First, we had a tiny RPS (Real Private Server, which was a real machine with a network disk). We could barely have one Minecraft server with more than twenty players. One day, without warn, we had a crash with our Ext4 /home. It was difficult to backup because a Minecraft Map could make a few gigabytes split in thousands of files. We were doing backup by ftp at a slow speed to reduce the server disk usage. It was a pain!

Then, we switched the server to a new one, quad core, sixty gigabytes of ram and two terabytes of disk. This time, I chose FreeBSD because I knew that it would work greatly ! Linux could have worked too, maybe we could have more performance, but it would not be as easy to manage as our FreeBSD box.

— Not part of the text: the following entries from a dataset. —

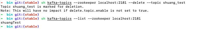 sh kafka-topics --zookeeper localhost:2181 --delete --topic shuang_test
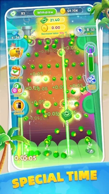 In this game, you just tap to release the balls that fall from the top. When the ball hits the peg or falls into the hole, you get a bonus. The more balls you throw, the bigger the bonus!
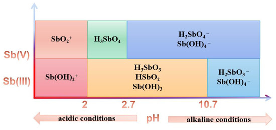 As shown in Figure 3, Sb (III) existed as neutral molecules such as Sb (OH)3, H3SbO3, or HSbO2 in the pH range of 2–10.7 and existed as SbO+ or Sb (OH)2+ under strong acid conditions [45]. In a strong alkaline environment, it existed as SbO2− or Sb (OH)4−, and only as Sb3+ under extremely acidic conditions. Sb (V) existed as Sb (OH)6−, H2SbO4−, or SbO3− under weak acid, neutral, and alkaline, and it would exist in the form of SbO2− under strong acid conditions.
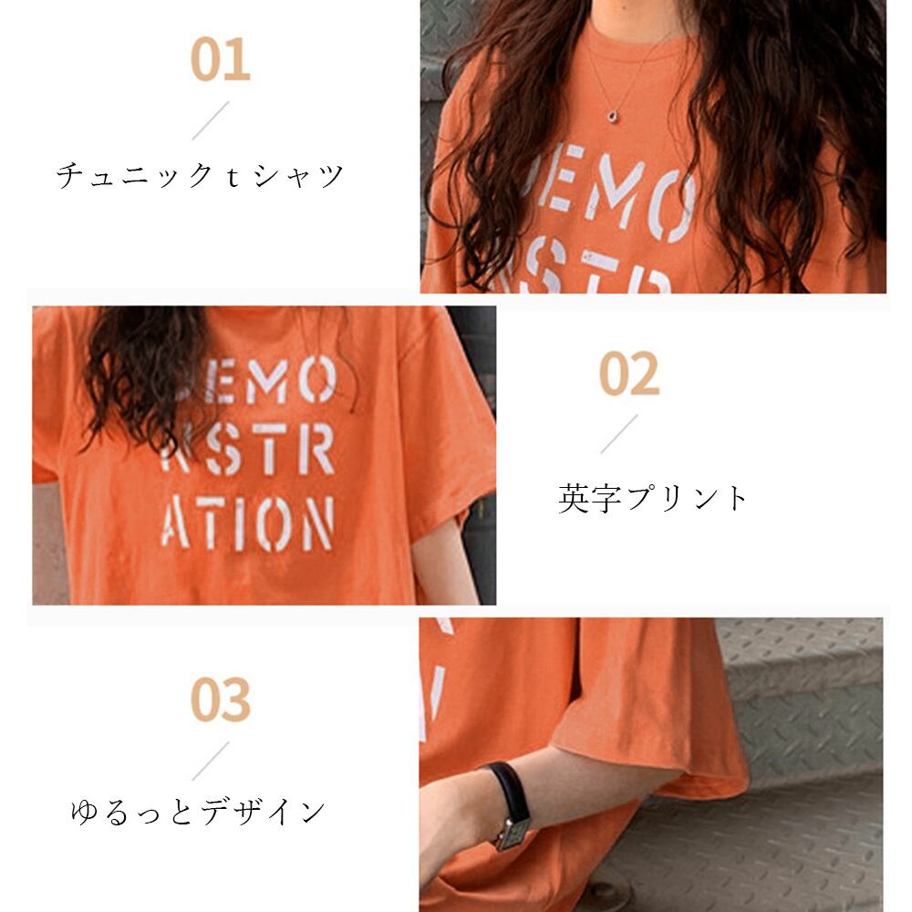 ロング ロゴtシャツ レディース 半袖 カットソー 体型カバー 英字プリントtシャツワンピース ゆったり トップス
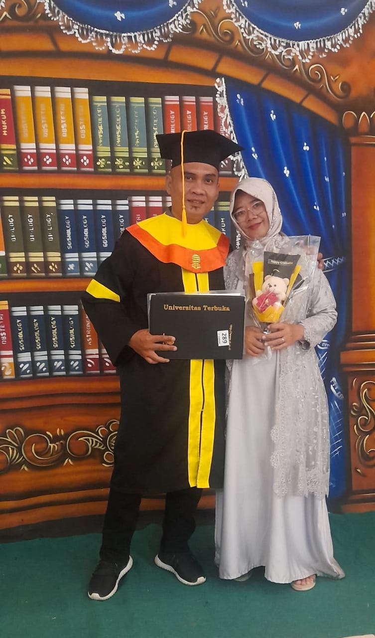SORANA.CO.ID-BANDUNG JAWA BARAT:Banyak suka duka yang dilalui kuliah jarak jauh di Universitas Terbuka (UT) apalagi di tengah-tengah covid-19, kurang dari empat tahun izasah akademik program studi (Prodi) Ilmu Hukum dari Fakultas Hukum Ilmu Sosial dan Politik (Phisip) resmi diterima Suroso salah satu wartawan Berita Online Sorana.co.id didampingi istri tercintanya, pada Kamis (2/03/2023)
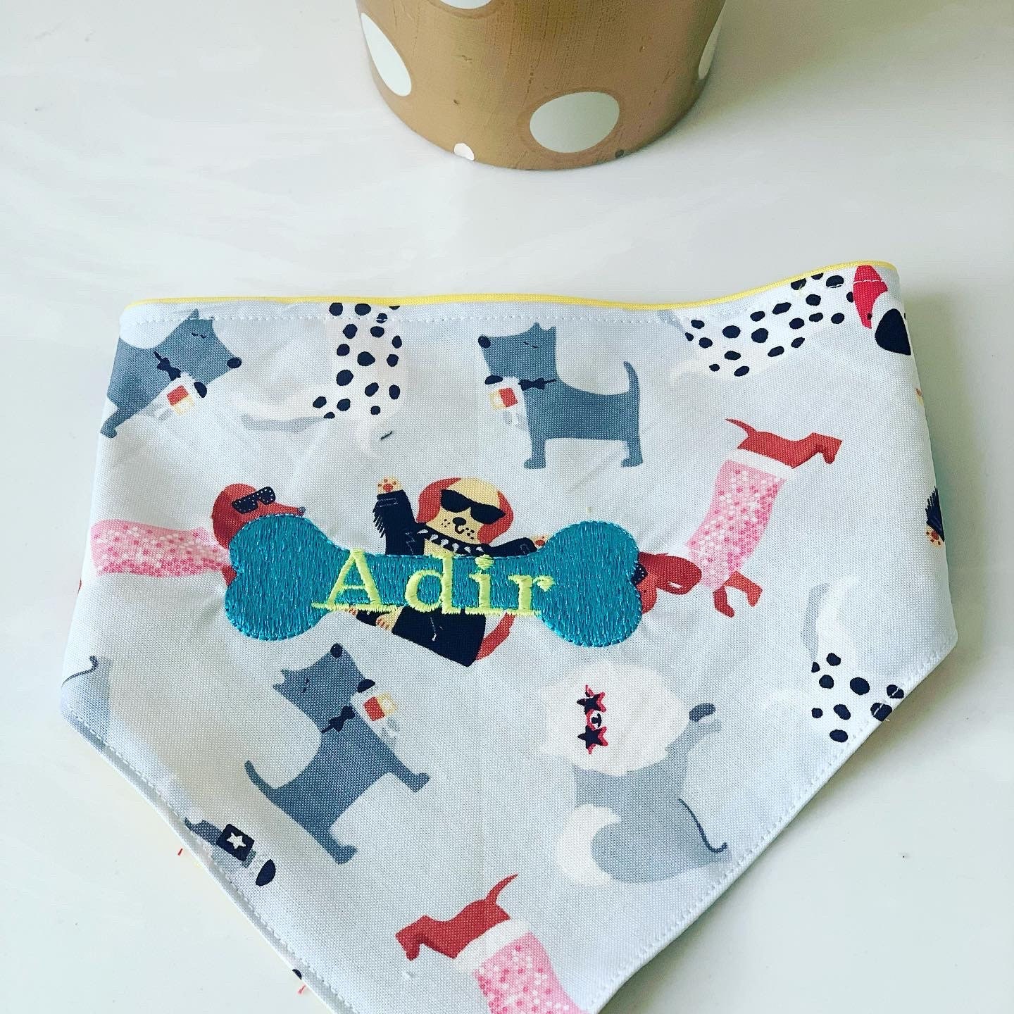 Free Dog Bandana Pattern This bandana is made by creating a tunnel which you can easily thread your dogs collar through. This beginner sewing project is a great way to use up fabric scraps! This makes it easy to take on and off, and also swap for different colours and fabrics depending on the occasion. Great for a kids crafts! Fun, fast & easy. Free Dog Bandana Pattern.

With ZFS snapshots, we backup our map every hour. In case of BIG CRASH, we can restore everything quickly. Java is working very fine on the server side, the server never crashed, even with two Minecraft server on (each server is using 7 Gb of memory). We are also using compressed ZFS pools for the maps, it reduces the load drastically.

I just can't imagine how to do this with another system. How could I save the map without disk latency on our server? We are also running a lot of daemons like "Mumble" for multi-player VO-IP, lighttpd as web server with php-fpm and lisp web server.

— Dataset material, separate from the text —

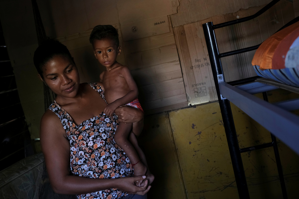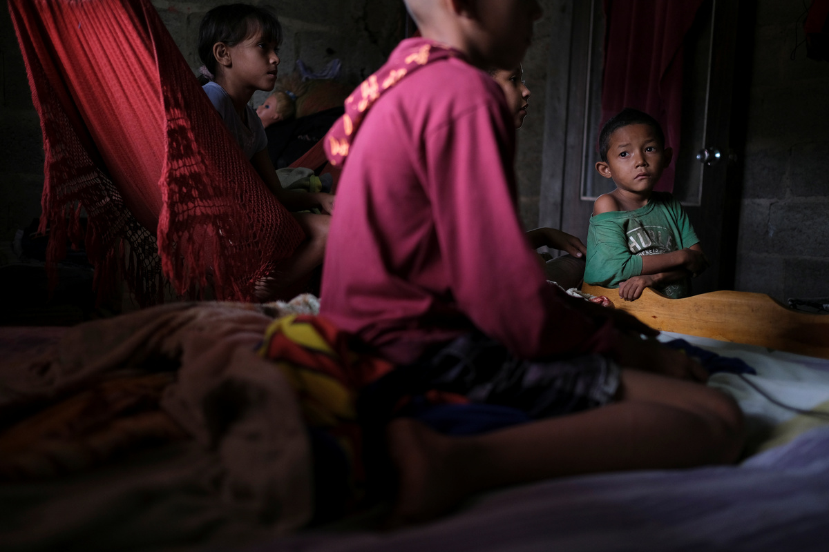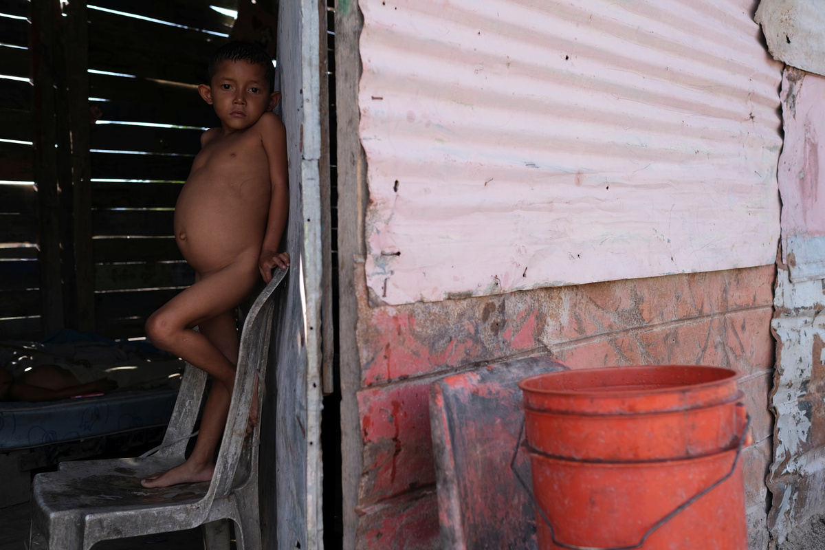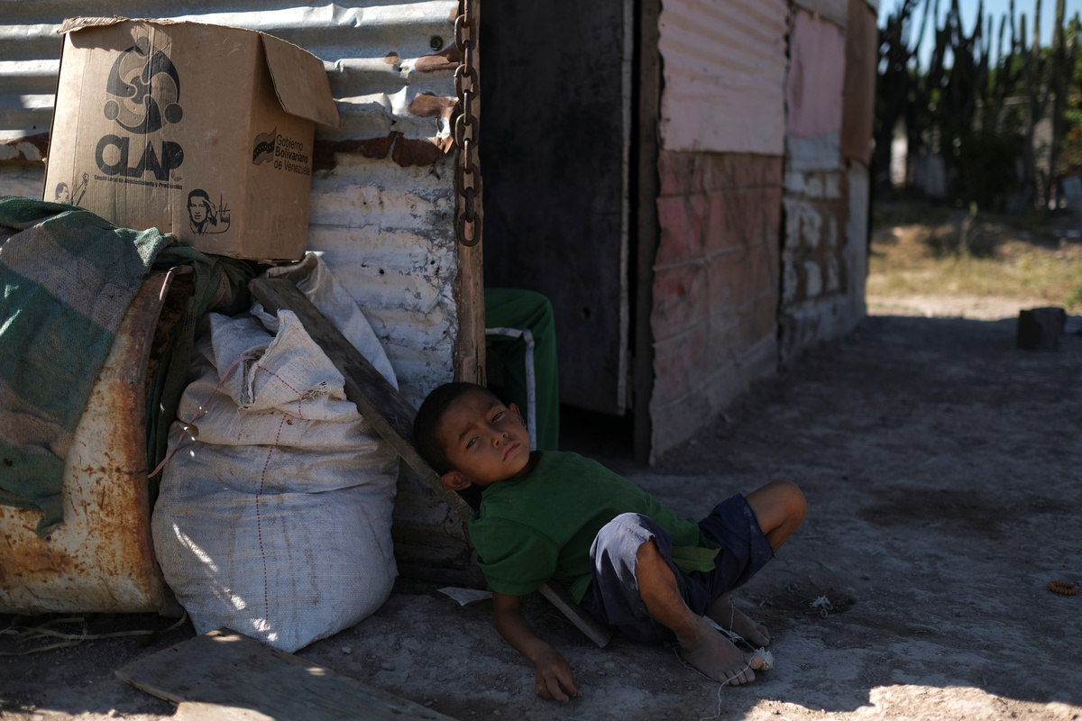 Jose Maria, 6, who is underweight for his age and has been diagnosed with malnutrition according to his mother Rosa Rojas, watches a neighbour play a video game at his house in Barquisimeto, Venezuela, August 15, 2019. "This week I didn't have anything to give them, we spent a week without food, I couldn't find how to give them. A lady came and sent me a half kilo of rice. My dad gave me (food) last night and I gave them sweet rice to feed them, because it is hard for me, sometimes I don't have anything, sometimes I do," said Rojas. REUTERS/Carlos Garcia Rawlins SEARCH "VENEZUELA MALNUTRITION" FOR THIS STORY. SEARCH "WIDER IMAGE" FOR ALL STORIES.Sonia, seven moths old, who has diarrhoea and is underweight according to her mother, rests on a bed after bathing at her house in Barquisimeto, Venezuela August 16, 2019. "She weighed 6 kilos and now weighs 5, she lost a kilo." "Due to diarrhoea, she lost a kilo, what worries me is that she could also end up in a hospital," said Gregoria Hernandez, Sonia's mother, who has previously had two other children hospitalised for malnutrition. REUTERS/Carlos Garcia Rawlins SEARCH "VENEZUELA MALNUTRITION" FOR THIS STORY. SEARCH "WIDER IMAGE" FOR ALL STORIES.Francys Rivero holds her two-month-old son Kenai, who has been diagnosed with malnutrition, while they wait to be seen at a special event for children with nutritional problems, organized by Catholic relief agency Caritas, at a church in Barquisimeto, Venezuela, August 10, 2019. REUTERS/Carlos Garcia Rawlins SEARCH "VENEZUELA MALNUTRITION" FOR THIS STORY. SEARCH "WIDER IMAGE" FOR ALL STORIES.Gregoria Hernandez feeds pasta and rice for lunch to her daughter Sonia, who was hospitalised a couple of months ago for malnutrition, at their house in Barquisimeto, Venezuela, November 28, 2019. When Sonia's vital signs began slipping, Hernandez boarded an ambulance where medics struggled to find a vein in Sonia's emaciated body to intravenously hydrate her. "I thought she was going to die in that ambulance," said Hernandez. REUTERS/Carlos Garcia Rawlins SEARCH "VENEZUELA MALNUTRITION" FOR THIS STORY. SEARCH "WIDER IMAGE" FOR ALL STORIES.Francys Rivero carries her son Kenai who is two months old and has been diagnosed with malnutrition, while they wait to be seen at a special event for children with nutritional problems, organised by Catholic relief agency Caritas, at a church in Barquisimeto, Venezuela, August 10, 2019. REUTERS/Carlos Garcia Rawlins SEARCH "VENEZUELA MALNUTRITION" FOR THIS STORY. SEARCH "WIDER IMAGE" FOR ALL STORIES.Adelaida Marquez, 25, carries her 15-month-old son Javier, who has been diagnosed with malnutrition, as her husband Javier Liendo, 29, tends to a fire cooking a meal at his sister's house, where they are staying to receive medical treatment in Barquisimeto, Venezuela, August 16, 2019. "Before, they had everything. They ate three times a day, they ate chicken, meat, eggs, they drank juices - things we can't do now," said Marquez, explaining the food she can provide for her children. "With the current situation, we can barely eat." REUTERS/Carlos Garcia Rawlins SEARCH "VENEZUELA MALNUTRITION" FOR THIS STORY. SEARCH "WIDER IMAGE" FOR ALL STORIES. Zuleidi Hernandez carries her seven-month-old niece Sonia, who has diarrhoea and is underweight, according to her mother, outside her house in Barquisimeto, Venezuela August 16, 2019. "They have not gone to bed without eating, but when I have food for the night I do not have anything to give them in the day," said Gregoria Hernandez, Sonia's mother, while explaining the availability of food at home for her children. REUTERS/Carlos Garcia Rawlins SEARCH "VENEZUELA MALNUTRITION" FOR THIS STORY. SEARCH "WIDER IMAGE" FOR ALL STORIES.Francys Rivero holds her two-month-old son Kenai, who has been diagnosed with malnutrition, while he receives a blood test at a clinic in Barquisimeto, Venezuela, August 14, 2019. "Right now you eat what you find, so we don't always have everything in the house to be able to have a balanced meal," Said Rivero. REUTERS/Carlos Garcia Rawlins SEARCH "VENEZUELA MALNUTRITION" FOR THIS STORY. SEARCH "WIDER IMAGE" FOR ALL STORIES.Community members prepare soup for free distribution for people attending a special event for children with nutritional problems, organised by Catholic relief agency Caritas, at a church in Barquisimeto, Venezuela August 10, 2019. REUTERS/Carlos Garcia Rawlins SEARCH "VENEZUELA MALNUTRITION" FOR THIS STORY. SEARCH "WIDER IMAGE" FOR ALL STORIES.Pastor, 3, and Josue, 4, both of whom have been hospitalised in the past for malnutrition, according to their mother, bathe next to their brother Duglas, 5, outside their house in Barquisimeto, Venezuela November 28, 2019. "They have not gone to bed without eating, but when I have food for the night I do not have anything to give them in the day," said their mother, Gregoria Hernandez, while explaining the availability of food at home for her children. REUTERS/Carlos Garcia Rawlins SEARCH "VENEZUELA MALNUTRITION" FOR THIS STORY. SEARCH "WIDER IMAGE" FOR ALL STORIES.Jose Maria, 6, who is underweight for his age, and has been diagnosed with malnutrition according to his mother Rosa Rojas, rests next to a CLAP box, outside of his house in Barquisimeto, Venezuela, August 8, 2019. CLAP is a Venezuelan government program which provides basic food at subsidized prices. "Very ugly, it's an ugly life," says Rojas, as she describes how complicated it is to find wood for cooking, and how much they are affected by power cuts and the lack of water. REUTERS/Carlos Garcia Rawlins SEARCH "VENEZUELA MALNUTRITION" FOR THIS STORY. SEARCH "WIDER IMAGE" FOR ALL STORIES.Francys Rivero holds her five-month-old son Kenai, who recovered from malnutrition, while talking to her sons Collins, 11, and Enmanuel, 2, outside their home in Barquisimeto, Venezuela, November 27, 2019. REUTERS/Carlos Garcia Rawlins SEARCH "VENEZUELA MALNUTRITION" FOR THIS STORY. SEARCH "WIDER IMAGE" FOR ALL STORI

We were also available when the leap-second bug occurred the 2th of July, where a lot of Linux systems were overloaded due to a bug causing Java or Mysql to take all the cpu.

With FreeBSD, we don't know any software limitation for the things we need.

Welcome on Planet-bsd (2012/08/03)

Dear reader,


This is the first post on Planet-BSD portal.

We will try on this website to keep you informed about the news of the differents BSD projects. I hope you'll even find some tutorials on BSD systems soon here.

The design of this website will stay clear, I may add some images later, maybe, but if you want to read this from a text based browser, you'll see that it's as readable as a man page !

Our hosting is OVH, the server is in France and is powered by FreeBSD. The website is coded in LISP and run with the SBCL compiler.